There is a visceral realization that happens when you see the decomposing body of someone you love. You get that the body does not house that person anymore. You know, in the most intimate, unforgettable way, that you, too, will die.

***

Can we make contact with the truth that we’re going to die?

Some of us have already had near-death experiences. Some of us were very sick when we were young. Some of us are sick now. Let me invite you to close your eyes, right now, and breathe. Call up a scenario in which you die.

It might be a rainy night on Lincoln Drive in northwest Philly. You know the road. You take a turn. It’s all potholes and cars driving too fast. Tonight there are headlights shining through your wipers. Your mind shouts no-no-no-no. Horns. You think of your kids. You grip the wheel.

Now relax. Breathe.

Relax your mind again.

You’re dying. Congratulations! You’ve made it to the only date that is guaranteed.

Breathe.

***

The human life we’re currently engaged in is actually a mere stroll. We do our best to forget this, to deny our short-term span. The idea with Buddhist death practices is for them to be shocking so that death is not as shocking. They’re meant to be scary so that death is not as scary.

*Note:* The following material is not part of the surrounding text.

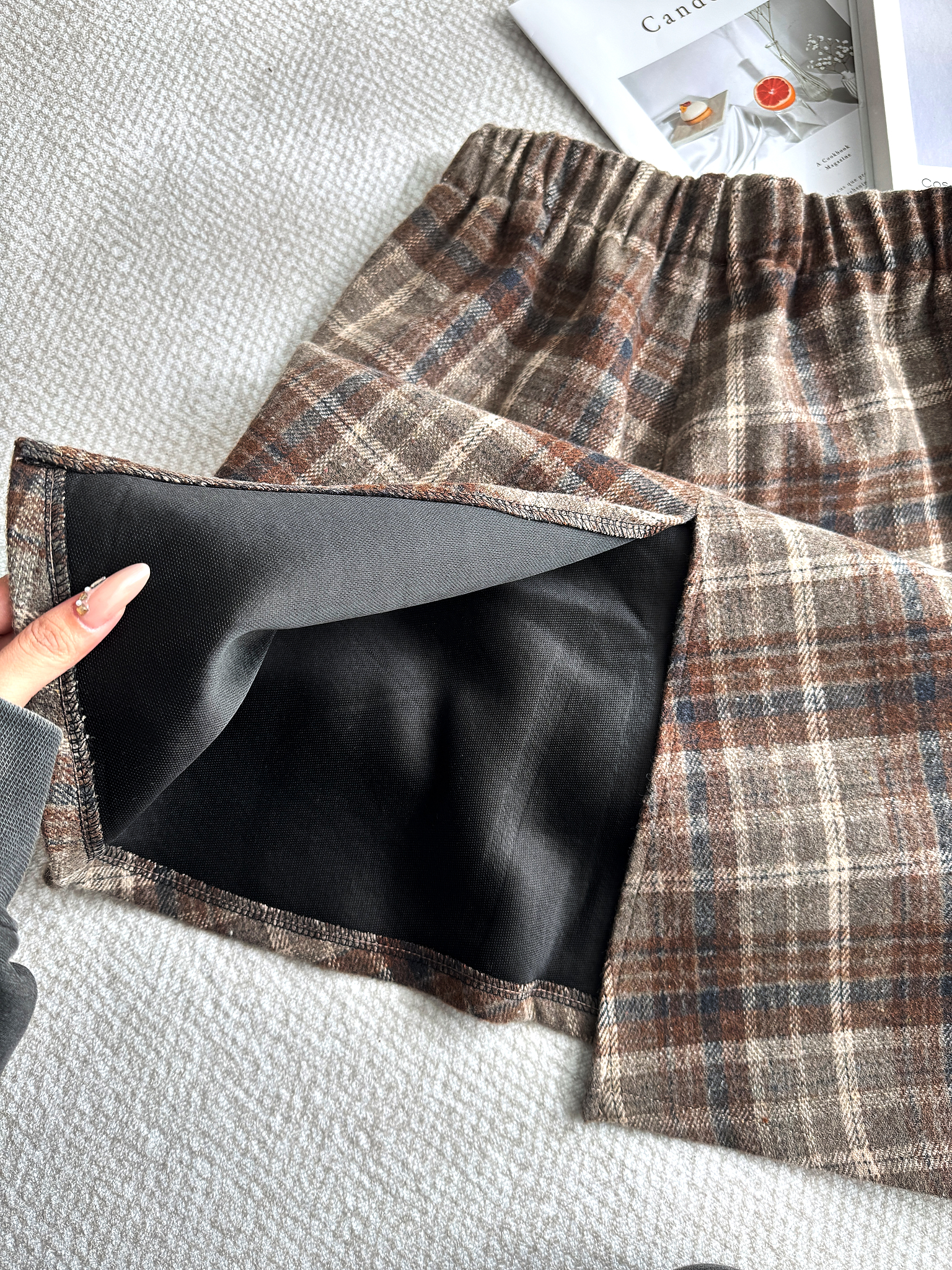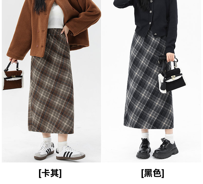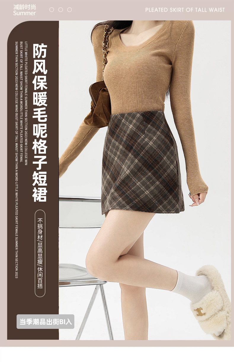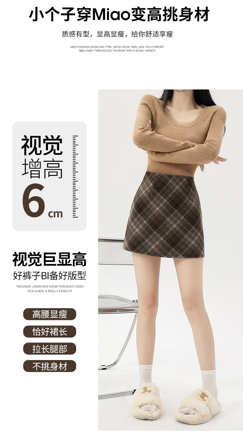 【超模君精选 喵小仟 毛呢格子裙】百搭简约的A型半裙 复古气质 遮小肚腩 高腰显瘦 显腿长

We call this mind training. You introduce the knowledge of death not intellectually but in the bodily sense, so that when your own death comes, your body automatically says, Hey! Wow. I’m here!

We don’t have to suffer over our death. We don’t have to try to cheat it. (Good luck with that.) We can greet it as punctuation. It’s like—Up and over the ridge! I wonder what will happen next?

Tibetan Buddhists tend to treat death as an opportunity. If you can transcend your fear of death, it’s probably because you have loosened your grip on self. If you have loosened your grip on self, as Anam Thubten says, “no self, no problem.” There isn’t anguish over your departure, which can cause heavy karma to cling to your consciousness.

Buddhists say that if you meditate on death four times a day, you will be fully present in life. Imagine this as four bells that you ring throughout your day. Even if you cast your mind to your death only fleetingly, for seconds each time, it can help.

With your eye on such a horizon, who cares that your kid lost your favorite earrings? Who cares that your partner didn’t do the dishes? The practice is not nihilism. Living with death on your mind allows you to shower your family with love. You live with the sense of awe and wonder befitting our time on earth. You relish life. You’re in the zest of it.

***

Back to the list. If you have a meditation practice, I encourage you to keep a Post-it by your shrine. Name, sickness.

We can keep company with the dying. We can send love as they transition. The list can be full of real people you know. It can also have real people you haven’t met.

Child in a tent, Gaza.

Hostage in a tunnel, Israel.

So many people die in anguish, thinking they are utterly alone. We can witness them and hold them in our hearts. We say, You’re doing the great event promised to all of us. Go in peace.

If you chant the four immeasurables, send that to your list. When you dedicate your practice, send that to your list.

This will have benefit for you as well. It will help you remember death. It will expand your awakened heart, bodhicitta. And it will help the dying transition.